The parallel would be more like adding a detector for certain benchmarks in your compiler, and outputting hand tuned assembly for that case ... except even worse than that, because you'd have to implement the detector and assembly generation in such a way that it made your compiler behave worse on general input.

I'm not sure if the analogy was intentional but your comment made me immediately think of the Volkswagen emissions scandal.

There is a parallel, but only to the first part. What VW did was cheat on benchmarks, much like certain driver vendors and compilers have been known to do.

But what we're talking about here is much, much worse from a design point of view. It specializing your system for the benchmark, in such a way that you are actually making it worse in general.

It's a contest. It has specific rules to prevent a very specific type of synthetic advantage (training to the test set). This was about as cheating as it gets. That's why the company fired the guy in charge of the group that cheated.

> It's a contest

Yes, who cares? The bigger picture is advancing the field, not scoring some bigger number in some artificial environment.

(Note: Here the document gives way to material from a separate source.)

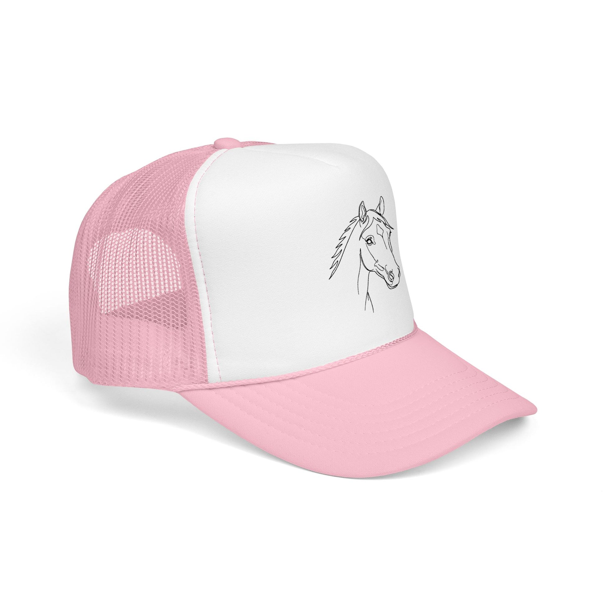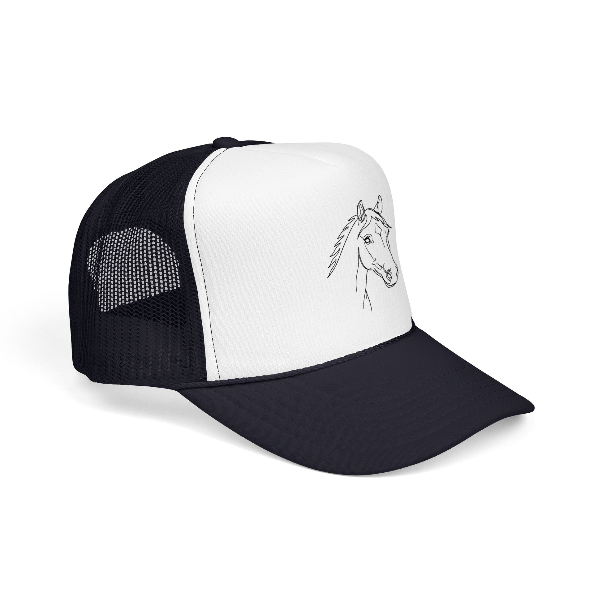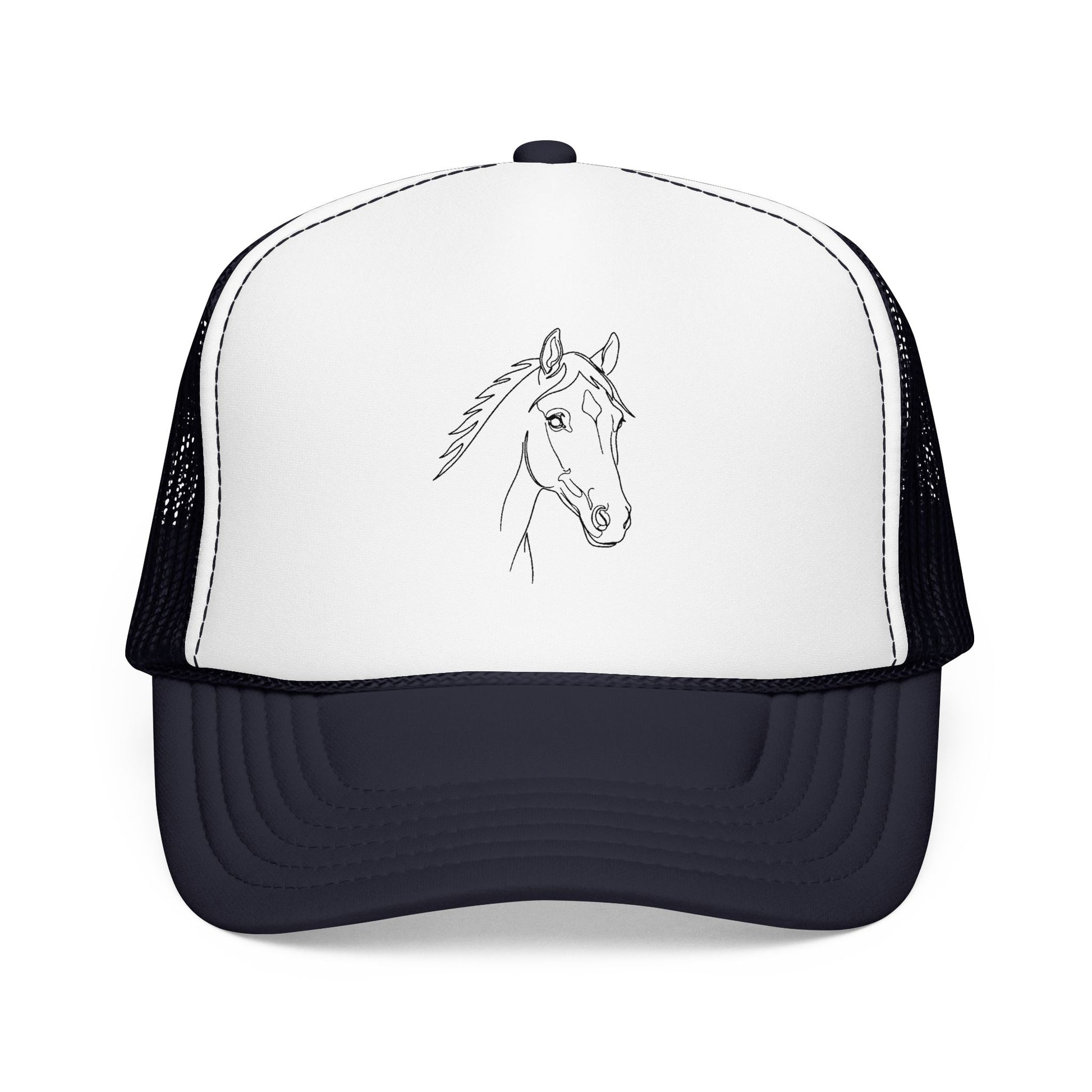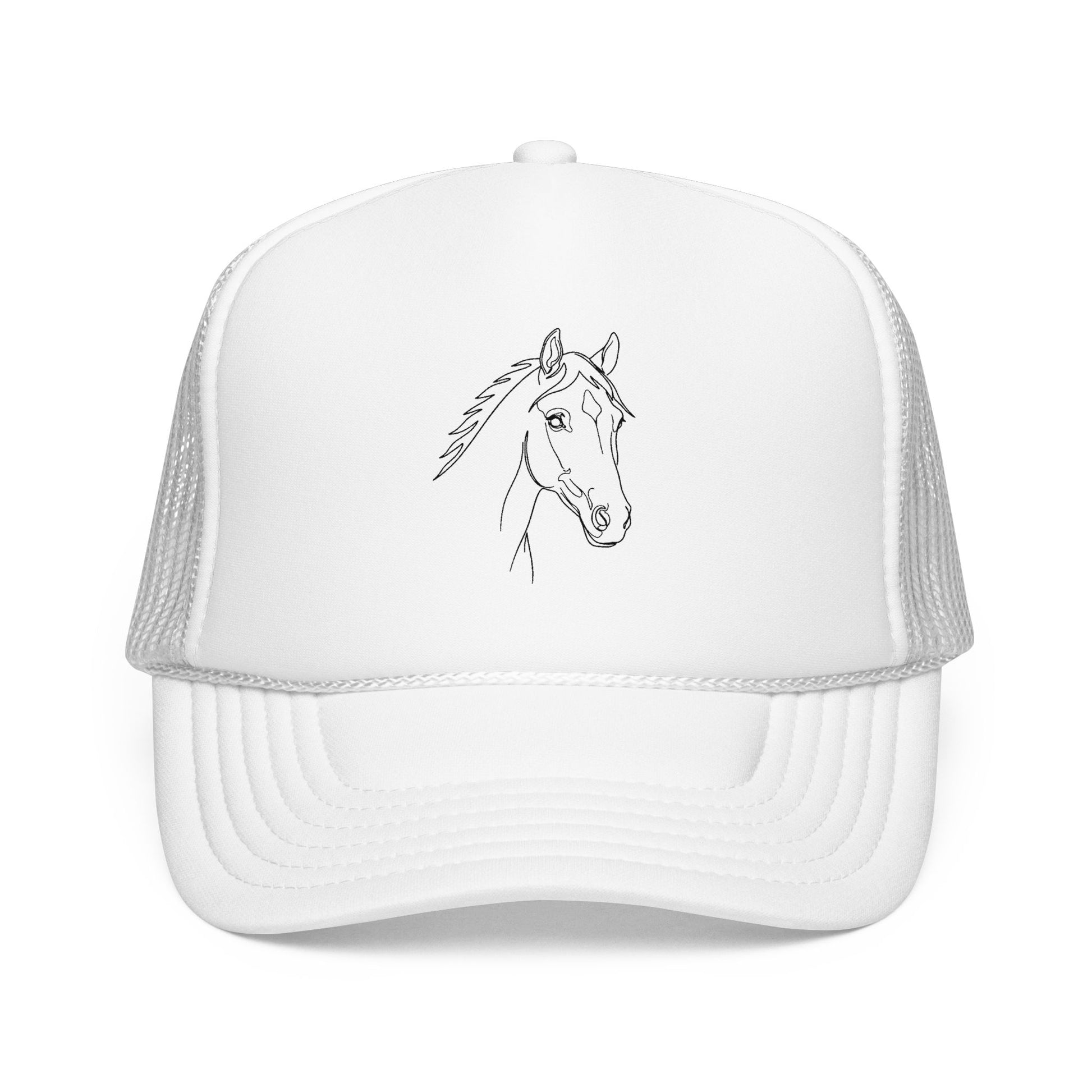 A structured foam trucker hat with a simple, hand-drawn horse head. The high-profile, seamless foam front gives the design a clean, gallery-like presence, while the breathable mesh back keeps the hat comfortable on long rides, trail days, or weekend errands. The pre-curved visor, matching undervisor, and braided trim add subtle classic trucker details, and the adjustable snapback lets this one-size cap move easily from stable chores to coffee stops. Worn low over sun or wind, it reads like a quiet nod to somebody who lives for horses—the rhythm of the barn, the dirt under boots, the calm of an early morning ride.

> This was about as cheating as it gets.

Like I said, so was data flow analysis originally.


The point is to not just dismiss this as "cheating" but take a closer look at how the current benchmark is flawed and how this sort of shortcut might be useful.

This sort of "shortcut" exploits a well known flaw in the training any machine learning or regression model using any algorithm. It is the problem of overfitting. The problem is that given enough parameters you can tweak those parameters so that your model exactly fits a target data set (including the random noise). The reason for excluding and limiting access to the test set is so that parameters can't be modified such that the model is adjusted to the specific test data set. It is a well known problem and exploit that the rules are designed to guard against. Here is the wiki page on overfitting:


Say the test data set, by chance, has 1% more dogs than the training set. By tweaking your algorithm to guess "dog" an extra 1% of the time you may be able to get .1% increase in your success rate. Also, that tweaking isn't a manual process it's part of the training process based on feedback from the results of your test set score. The improvement is enough to "win", but it's not because your algorithm is better.

That goes along with the argument that the data set is at its end of life. Maybe we're at the point that gaming the system is the only way to eek out the .1% needed to "win". In that case it's time to move on to a tougher test.

EDIT: I'd like to point out that the ImageNet competition is continually on top of the "time to make it more challenging" aspect. They introduced localization in 2011 (identifying not just what, but where items are). The 2015 competition includes, for the first time, recognition and localization tests in video clips.

The blog post explains why the behavior in question is cheating, not a "useful shortcut". Overfitting a model isn't a real advancement to the field.

The point is to take a closer look at the current benchmarks and potentially come up with better ones.

To give an extreme example of overfitting, let's say you have a test set which has these examples: B -> 11, H -> 5, M -> 11. Well, you can solve these easily. Just make a function like this:

    function solve(letter) {
        return {B: 11, H: 5, M: 11}[letter];
machine learning 4Head . Of course, the point is to solve for examples you haven't seen yet, so this "solution" isn't amusing anyone. That said, overfitting commonly happens even without trying to overfit, and people use techniques to minimize it.

To support what the others have said, but put in different words: the point of the rule is so that it will be more likely that breakthroughs in contest results translate to breakthroughs in the field itself.